(Data below begins)

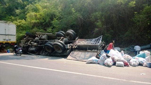 Trước đó, khoảng 20 giờ ngày 31-5, chiếc xe tải mang BKS 37C-073.72, do tài xế Nguyễn Văn Tuấn (khoảng 36 tuổi, ở Nghệ An) điều khiển, chở theo một phụ xe (chưa rõ họ tên) cùng khoảng 9 tấn hàng tạp hóa, tạp phẩm và đồ gia dụng lưu thông theo theo hướng Nam – Bắc, khi đến khu vực trên thì bị lật. Rất may, chỉ có tài xế tên Tuấn bị thương nhẹ,
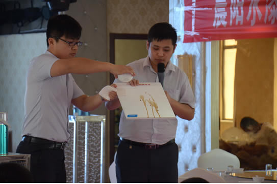 當(dāng)天,還舉行了晨陽(yáng)水漆產(chǎn)品推廣會(huì)。晨陽(yáng)水漆培訓(xùn)部員工介紹了公司的歷史背景、水漆未來(lái)的發(fā)展趨勢(shì)、國(guó)家相關(guān)扶持政策和2015年品牌發(fā)展方向?,F(xiàn)場(chǎng),通過產(chǎn)品試刷和養(yǎng)金魚試驗(yàn),油工師傅們對(duì)晨陽(yáng)水漆產(chǎn)品環(huán)保特性和施工效果表示肯定。
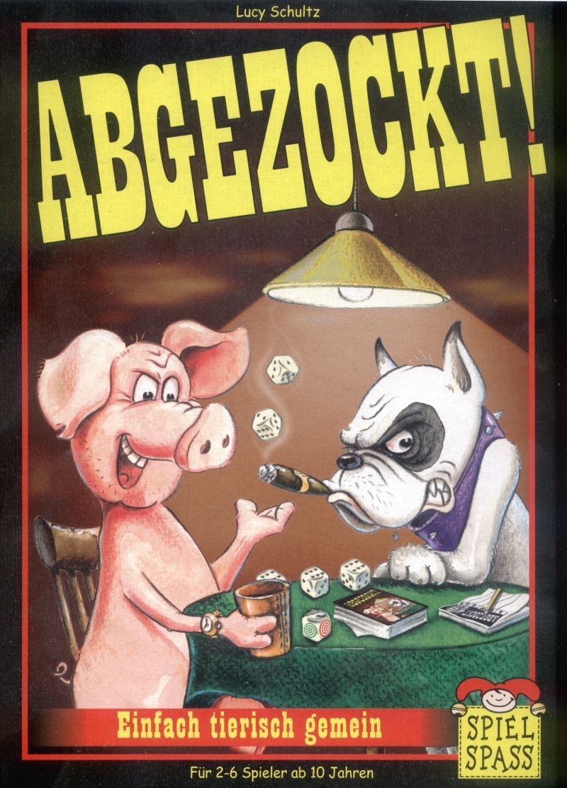 | Name | Abgezockt! | | BGG Gruppe | Abgezockt! (ggf. fremdsprachig etc.) | | Bild | /pic278767.jpg) | | Erscheinungsjahr | 2006 | | Direktaufruf BGG | https://boardgamegeek.com/boardgame/33076 | | Kommentar | 21.05.01.03 (incl. Fachnummer) | | Fachnummer | 21.05.01.03 | | aktualisiert | 2026-01-19 12:22:37 | | Typ | BGG (Boardgame) | | Autor(en) | Lucy Schultz | | Maße in mm | 190 x 274 x 66 (Breite x Länge x Höhe) | | Gewicht | 537 Gramm | | Mindestspieleranzahl | 2 | | Maximalspieleranzahl | 6 | | Durchschnittsspieldauer | 30 Minuten | | Minimalspieldauer | 30 Minuten | | Maximalspieldauer | 30 Minuten | | Mindestalter | 7 Jahre | | Verlag(e) | Spiel Spass | | Kategorie(n) | Animals Card Game Dice Party Game | | Mechanismen | Dice Rolling Hand Management Push Your Luck Re-rolling and Locking Take That |

(Data below ends)

**What you should do**:
Could you copy the data above exactly, leaving the pictures out?

**Task response**:
 Trước đó, khoảng 20 giờ ngày 31-5, chiếc xe tải mang BKS 37C-073.72, do tài xế Nguyễn Văn Tuấn (khoảng 36 tuổi, ở Nghệ An) điều khiển, chở theo một phụ xe (chưa rõ họ tên) cùng khoảng 9 tấn hàng tạp hóa, tạp phẩm và đồ gia dụng lưu thông theo theo hướng Nam – Bắc, khi đến khu vực trên thì bị lật. Rất may, chỉ có tài xế tên Tuấn bị thương nhẹ,
 當(dāng)天,還舉行了晨陽(yáng)水漆產(chǎn)品推廣會(huì)。晨陽(yáng)水漆培訓(xùn)部員工介紹了公司的歷史背景、水漆未來(lái)的發(fā)展趨勢(shì)、國(guó)家相關(guān)扶持政策和2015年品牌發(fā)展方向?,F(xiàn)場(chǎng),通過產(chǎn)品試刷和養(yǎng)金魚試驗(yàn),油工師傅們對(duì)晨陽(yáng)水漆產(chǎn)品環(huán)保特性和施工效果表示肯定。
 | Name | Abgezockt! | | BGG Gruppe | Abgezockt! (ggf. fremdsprachig etc.) | | Bild | /pic278767.jpg) | | Erscheinungsjahr | 2006 | | Direktaufruf BGG | https://boardgamegeek.com/boardgame/33076 | | Kommentar | 21.05.01.03 (incl. Fachnummer) | | Fachnummer | 21.05.01.03 | | aktualisiert | 2026-01-19 12:22:37 | | Typ | BGG (Boardgame) | | Autor(en) | Lucy Schultz | | Maße in mm | 190 x 274 x 66 (Breite x Länge x Höhe) | | Gewicht | 537 Gramm | | Mindestspieleranzahl | 2 | | Maximalspieleranzahl | 6 | | Durchschnittsspieldauer | 30 Minuten | | Minimalspieldauer | 30 Minuten | | Maximalspieldauer | 30 Minuten | | Mindestalter | 7 Jahre | | Verlag(e) | Spiel Spass | | Kategorie(n) | Animals Card Game Dice Party Game | | Mechanismen | Dice Rolling Hand Management Push Your Luck Re-rolling and Locking Take That |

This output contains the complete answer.